**TASK:**
Reproduce, exactly and in full, the lines from the one with "Dentro de El" through the one with "Durag azul-escuro com" in the data below; drop pictures.

**SUPPLIED MATERIAL:**
----------------------------------------
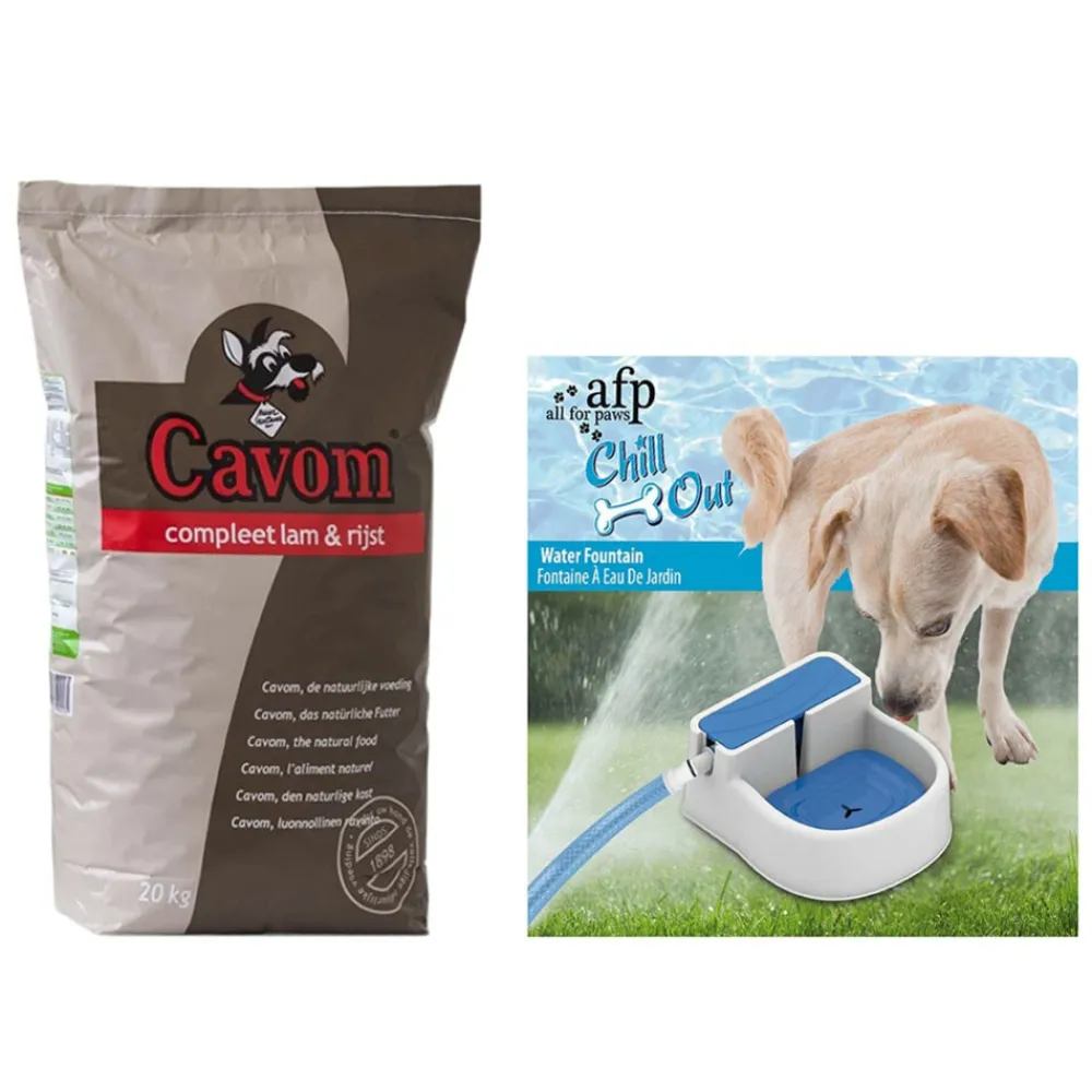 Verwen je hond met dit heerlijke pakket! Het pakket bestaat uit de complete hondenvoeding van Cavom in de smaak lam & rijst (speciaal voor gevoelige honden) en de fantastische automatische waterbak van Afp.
----------------------------------------
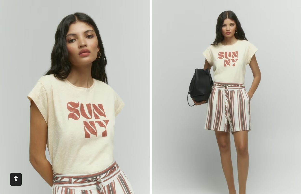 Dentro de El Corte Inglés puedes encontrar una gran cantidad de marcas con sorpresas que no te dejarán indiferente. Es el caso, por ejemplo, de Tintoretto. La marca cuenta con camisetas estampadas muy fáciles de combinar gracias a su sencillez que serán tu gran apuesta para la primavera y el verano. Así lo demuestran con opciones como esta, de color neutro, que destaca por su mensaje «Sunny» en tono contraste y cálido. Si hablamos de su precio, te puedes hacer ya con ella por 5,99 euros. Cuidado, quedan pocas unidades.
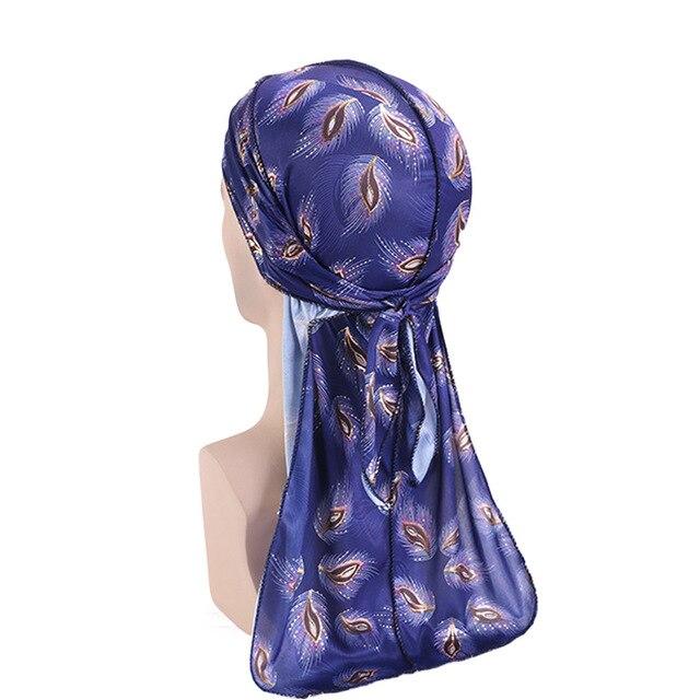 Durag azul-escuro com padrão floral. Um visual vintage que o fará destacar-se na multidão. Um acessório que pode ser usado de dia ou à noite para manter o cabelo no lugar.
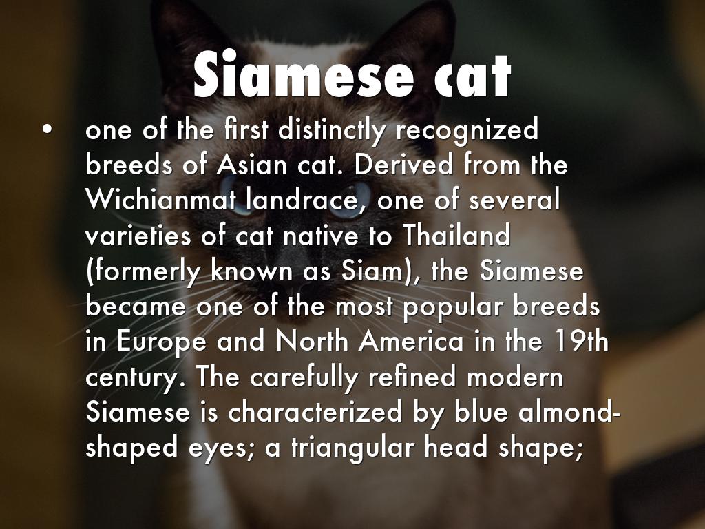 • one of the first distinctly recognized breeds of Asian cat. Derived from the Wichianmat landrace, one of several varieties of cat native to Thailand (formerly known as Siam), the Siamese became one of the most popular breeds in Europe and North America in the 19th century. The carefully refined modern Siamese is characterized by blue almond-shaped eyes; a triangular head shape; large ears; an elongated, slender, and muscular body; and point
----------------------------------------
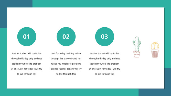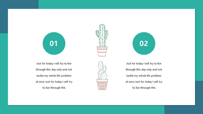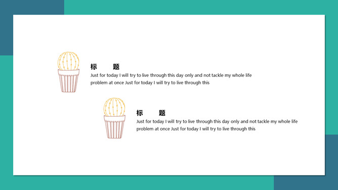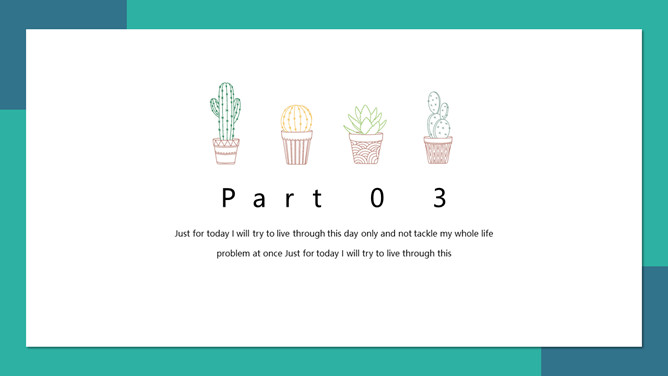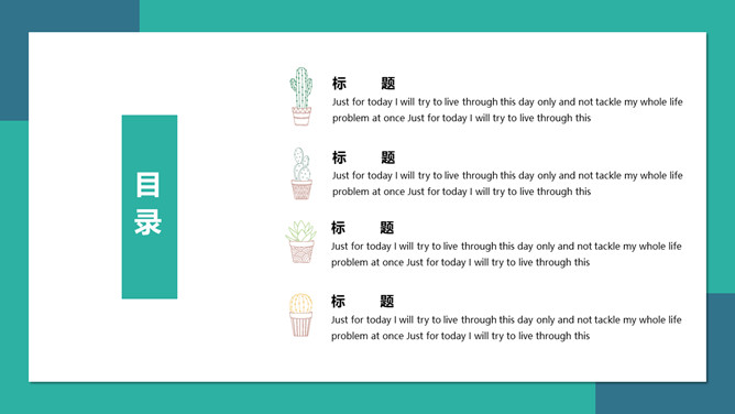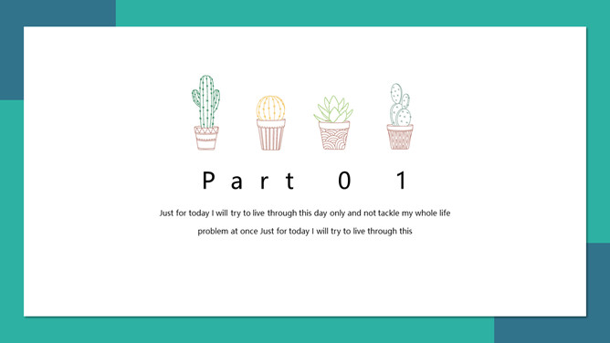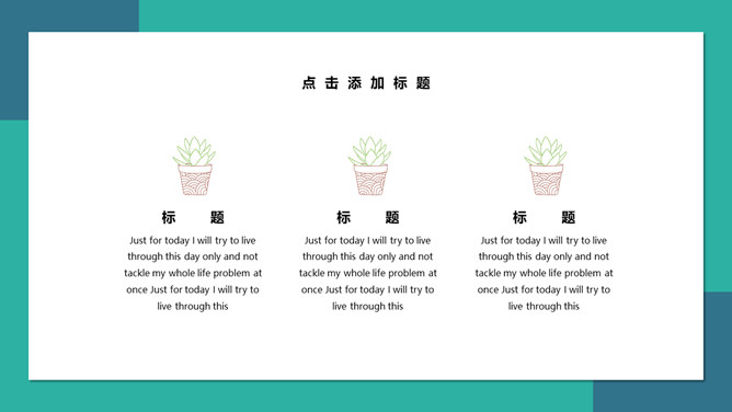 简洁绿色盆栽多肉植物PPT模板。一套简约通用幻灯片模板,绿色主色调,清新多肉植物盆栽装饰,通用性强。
----------------------------------------
**SOLUTION FOR THIS TASK:**
 Dentro de El Corte Inglés puedes encontrar una gran cantidad de marcas con sorpresas que no te dejarán indiferente. Es el caso, por ejemplo, de Tintoretto. La marca cuenta con camisetas estampadas muy fáciles de combinar gracias a su sencillez que serán tu gran apuesta para la primavera y el verano. Así lo demuestran con opciones como esta, de color neutro, que destaca por su mensaje «Sunny» en tono contraste y cálido. Si hablamos de su precio, te puedes hacer ya con ella por 5,99 euros. Cuidado, quedan pocas unidades.
 Durag azul-escuro com padrão floral. Um visual vintage que o fará destacar-se na multidão. Um acessório que pode ser usado de dia ou à noite para manter o cabelo no lugar.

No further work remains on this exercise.